**PROBLEM TO WORK ON**
From the first line to the last, give the material again exactly, without the images.
------ DATA SEGMENT ------
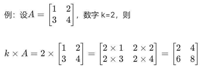 矩阵数乘指的是一个数字乘以一个矩阵,规则是:矩阵中的每一个元素都乘以这个数字,结果矩阵的行数和列数不变。这里的 “数” 可以是整数、小数,正数、负数均可,数乘是对矩阵的整体缩放,不会改变矩阵的维度。
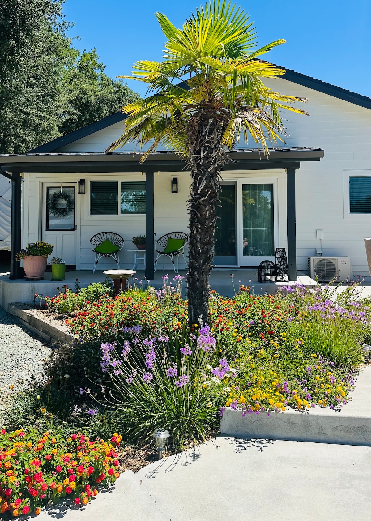 This light and airy hideaway was designed and built by the host incorporating her own handiwork in art and furnishings. Initially a granny flat, it's been transformed into a comfortable and spacious hang out. Its central location makes it ideal to explore the area. There is plenty to do on site; barbecue, play corn hole or horseshoes have fun with games and cards kept in the hall, enjoy the pool and hot tub in the warm season. May to Sept. The twin beds can be easily configured to a king bed. Price includes a 13% local occupancy tax. Your cottage opens up to the pool area which maybe available during the summer months but not guaranteed as this pool is too deep for kids to stand in. There is also a hot tub open from March to Dec. So the key to open the pool is subject to conversation. The pool is shared with us. No parties please. This is a non smoking property. We love dogs but we can not allow pets brought in. We have a large dog and cats. We kindly ask for slow driving up and down driveway as the animals are slow to move as they own the space. These are accommodations you wont find at a hotel. We are not one, this is our home we are opening to share with you. We are next door most times if you have any questions otherwise we will respect your privacy. The guest house sits on three acres with the main house where the host lives with her husband. It is just one and a half miles to the freeway and town. Four minutes to restaurants and grocery stores. There are chickens, 2 baby gosts, and a rabbit on the property along with cats and a large dog, Jules, who is sure to greet you. The pool will be opened to guests that can swim only as the shallow end is quite deep. Opened when the temperature increases in the summer months. A cold pool is no fun to swim in. The hot tub is open in March to Dec. Contact hosts if plan to use.
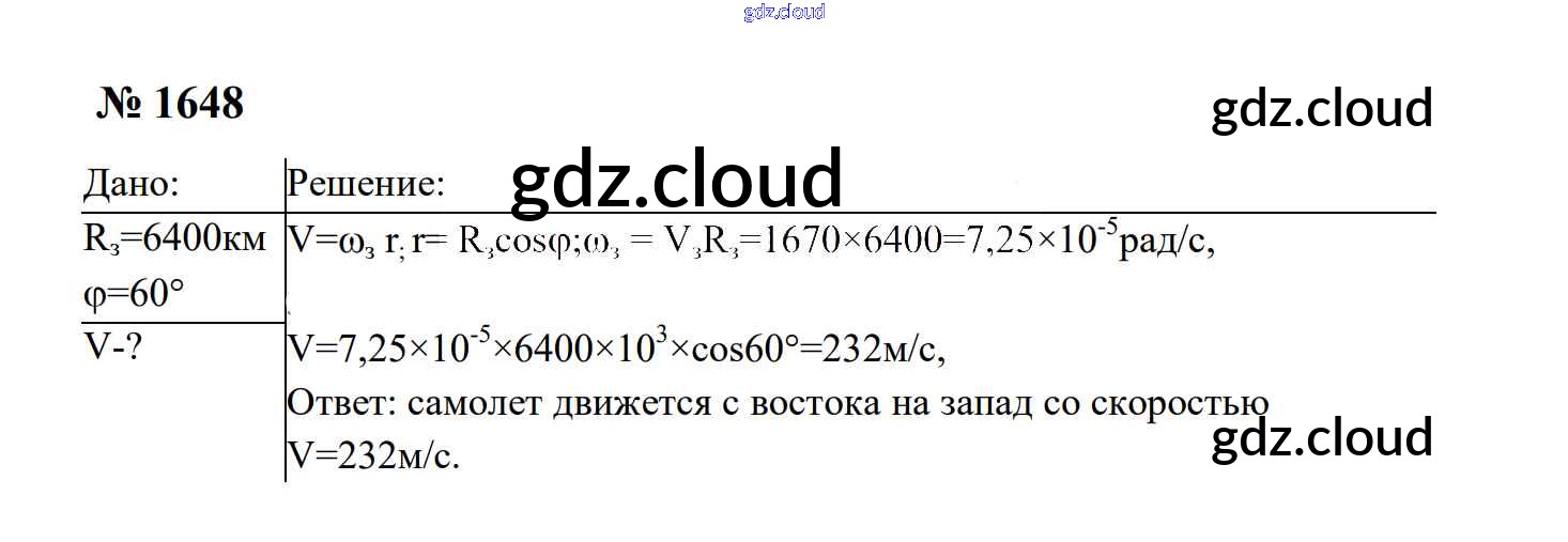 Ответ на задание 1648 Сборник задач Физика за 7, 8, 9 (седьмой, восьмой, девятый) класс Перышкин, Лонцова УМК 2016
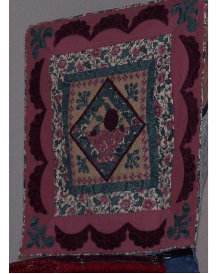 Reverse fusible applique - and presto, you have two blocks. And what blocks - wow! It was hard to believe that not only did Linda make the first one, but due to a vehicle being stolen, at least 16 of them she had to reproduce. Braver woman than some of us. Not all of her quilts are shown here as there was just so many, but you can go to her website at www.quiltingamongfriends.com and see some more of her work, order patterns and check out videos. Her outlook on life was an inspiration to all of us. Thank you Linda for a great program.
------
**TASK SOLUTION**
 矩阵数乘指的是一个数字乘以一个矩阵,规则是:矩阵中的每一个元素都乘以这个数字,结果矩阵的行数和列数不变。这里的 “数” 可以是整数、小数,正数、负数均可,数乘是对矩阵的整体缩放,不会改变矩阵的维度。
 This light and airy hideaway was designed and built by the host incorporating her own handiwork in art and furnishings. Initially a granny flat, it's been transformed into a comfortable and spacious hang out. Its central location makes it ideal to explore the area. There is plenty to do on site; barbecue, play corn hole or horseshoes have fun with games and cards kept in the hall, enjoy the pool and hot tub in the warm season. May to Sept. The twin beds can be easily configured to a king bed. Price includes a 13% local occupancy tax. Your cottage opens up to the pool area which maybe available during the summer months but not guaranteed as this pool is too deep for kids to stand in. There is also a hot tub open from March to Dec. So the key to open the pool is subject to conversation. The pool is shared with us. No parties please. This is a non smoking property. We love dogs but we can not allow pets brought in. We have a large dog and cats. We kindly ask for slow driving up and down driveway as the animals are slow to move as they own the space. These are accommodations you wont find at a hotel. We are not one, this is our home we are opening to share with you. We are next door most times if you have any questions otherwise we will respect your privacy. The guest house sits on three acres with the main house where the host lives with her husband. It is just one and a half miles to the freeway and town. Four minutes to restaurants and grocery stores. There are chickens, 2 baby gosts, and a rabbit on the property along with cats and a large dog, Jules, who is sure to greet you. The pool will be opened to guests that can swim only as the shallow end is quite deep. Opened when the temperature increases in the summer months. A cold pool is no fun to swim in. The hot tub is open in March to Dec. Contact hosts if plan to use.
 Ответ на задание 1648 Сборник задач Физика за 7, 8, 9 (седьмой, восьмой, девятый) класс Перышкин, Лонцова УМК 2016
 Reverse fusible applique - and presto, you have two blocks. And what blocks - wow! It was hard to believe that not only did Linda make the first one, but due to a vehicle being stolen, at least 16 of them she had to reproduce. Braver woman than some of us. Not all of her quilts are shown here as there was just so many, but you can go to her website at www.quiltingamongfriends.com and see some more of her work, order patterns and check out videos. Her outlook on life was an inspiration to all of us. Thank you Linda for a great program.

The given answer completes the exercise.